During their lifetime clients may have invested in many different tax wrappers and needing to ensure they have enough resources in old age may have meant assets, which could have been passed down the generations, have not been.
But there comes a point when sadly clients start to think about taxes on death and controlling who gets their wealth; this is especially true when clients are diagnosed with a terminal illness and become aware of the time they have left to get their affairs in order.
When someone dies the value of all their assets are added together and after deducting any debts and liabilities any excess over their available nil rate band is subject to inheritance tax. Where there is no will, on death assets are distributed in accordance with the rules of intestacy. This could mean that assets don’t pass to the intended beneficiaries; therefore, it is essential that clients ensure that they have a valid will that reflects their wishes.
Next, consider the £3,000 annual exemption and the £250 small gift exemption. If last year’s annual exemption has not been used, then potentially your client can gift £6,000 and while this is not a significant sum it would potentially save £2,400 in inheritance tax (40% x £6,000). Also, gifts of up to £250 can be made to any number of beneficiaries, just remember that it can’t form part of a larger gift and it can’t be combined with the annual exemption.
Where your client has young children then under S11 Inheritance Tax Act 1984 they will be able to make substantial gifts for their children’s maintenance, education or training and it will be immediately outside of their estate.
Michael is terminally ill and has two young sons, Stephen 9 and John 7. Even though Stephen and John attend state schools, with both being young and potentially attending university it is anticipated that the cost of the boys’ maintenance, education and training could be in the range of £20,000 a year for each.
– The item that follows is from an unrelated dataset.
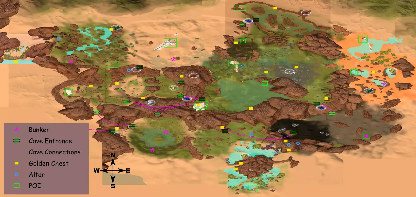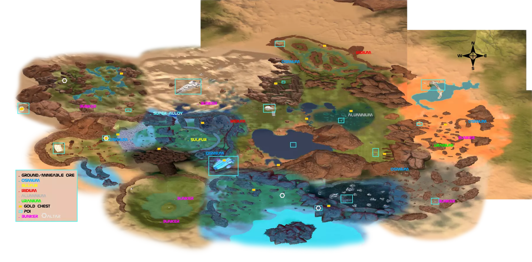 出于情感原因保留了这些内容…… 兴趣点位置(含剧透) 首先,如果你不喜欢剧透,请止步于此。 本内容并不全面,且很可能会因游戏更新或我尝试使其更完善/准确而发生变化……目前的标准相当低。 当前包含: 21个黄金宝箱位置 14处残骸(包括起始位置) 6个幸存者地堡 一个罗盘玫瑰 各种资源/采矿地点 洞穴入口及其连接 不包含: 蓝色宝箱 芯片 超过75%的准确率 生命、宇宙及一切的答案。

So, depending on the choice of university and course, potentially John would require maintenance for 17 years, meaning that Michael could gift £340,000 and it would be outside his estate immediately. Michael could transfer the £340,000 into a trust for Stephen and John and provided the gift is exempt under S11 there would be no inheritance tax implications. There may be IHT charges to pay within the trust if Michael uses a discretionary trust but the tax payable by the trust being 6% is substantially less than the 40% potentially payable by Michael’s estate.
However, when using the section 11 relief, planning is still required. The trust should not continue beyond Stephen and John’s full-time education and the amount of money placed in the trust needs to be calculated carefully. Michael’s executors must be able to demonstrate to HMRC that the trust has been put in place for his sons’ maintenance, education and training needs, and that the gift is not excessive. If HMRC think that the trust fund is excessive for the boys’ needs, then the proportion of the gift classed as “excessive” will not benefit from the section 11 relief.
Where your client has an estate of more than £2m, making lifetime gifts could mean that their estate, on death, benefits from the residence nil rate band. The residence nil rate band was introduced in April 2017 and while there are conditions attached, which means that it may not be available to all, making lifetime gifts shortly before death to bring the estate below £2m could achieve substantial tax savings.
Just remember that the gifts themselves will probably have a seven-year clock, unless exempt, so will remain chargeable to inheritance tax.
As the £2m is based on the value of the assets owned at the time of death if, for example, your client has an investment bond which has provided them with an income, during lifetime, by gifting this shortly before their death could ensure that their estate potentially benefits from the residence nil rate band.
With the residence nil rate band currently being £175,000, for 2020/21, a saving of £70,000 inheritance tax could be achieved.
Finally, clients could consider investing in assets that qualify for business relief and provided they have owned the assets for two years before their death there is no inheritance tax. However, normally these assets are riskier and just remember that as the asset is still owned on death it is included in the calculation for the residence nil rate band £2m threshold.
Another issue when advising clients at the later stages of life is whether the client has mental capacity. Where the client has lost mental capacity and you are dealing with an attorney there is a misconception that attorneys can step into the donor’s shoes and gift; however, attorneys can only make gifts within strict limits.
An attorney can make gifts to cover the annual and small gifts exemptions when the donor:
- has a life expectancy of less than five years,
- their estate is worth more than the £325,000 nil rate band,
- the gifts are affordable, considering the donor’s care costs,
- the gift will not adversely affect their standard of care and quality of life and
- there is no evidence that the donor would be opposed to the gifts being made.
Where an attorney wants to make a gift, which is beyond their powers they need the sanction of the Court of Protection.
So, if you are unsure about your client’s mental capacity it might be best to arrange a mental capacity assessment by a GP or psychiatrist to find out whether they can make their own decisions. Such an assessment may be especially important when deciding whether to give gifts of value like the S11 relief mentioned previously.
While successful IHT planning is difficult to achieve for clients with short life expectancies, coupled with the fact that inheritance tax savings may not be the first thing they are thinking about there are still planning opportunities that can be offered. However, these do not outweigh the case for taking advice well before ill health occurs.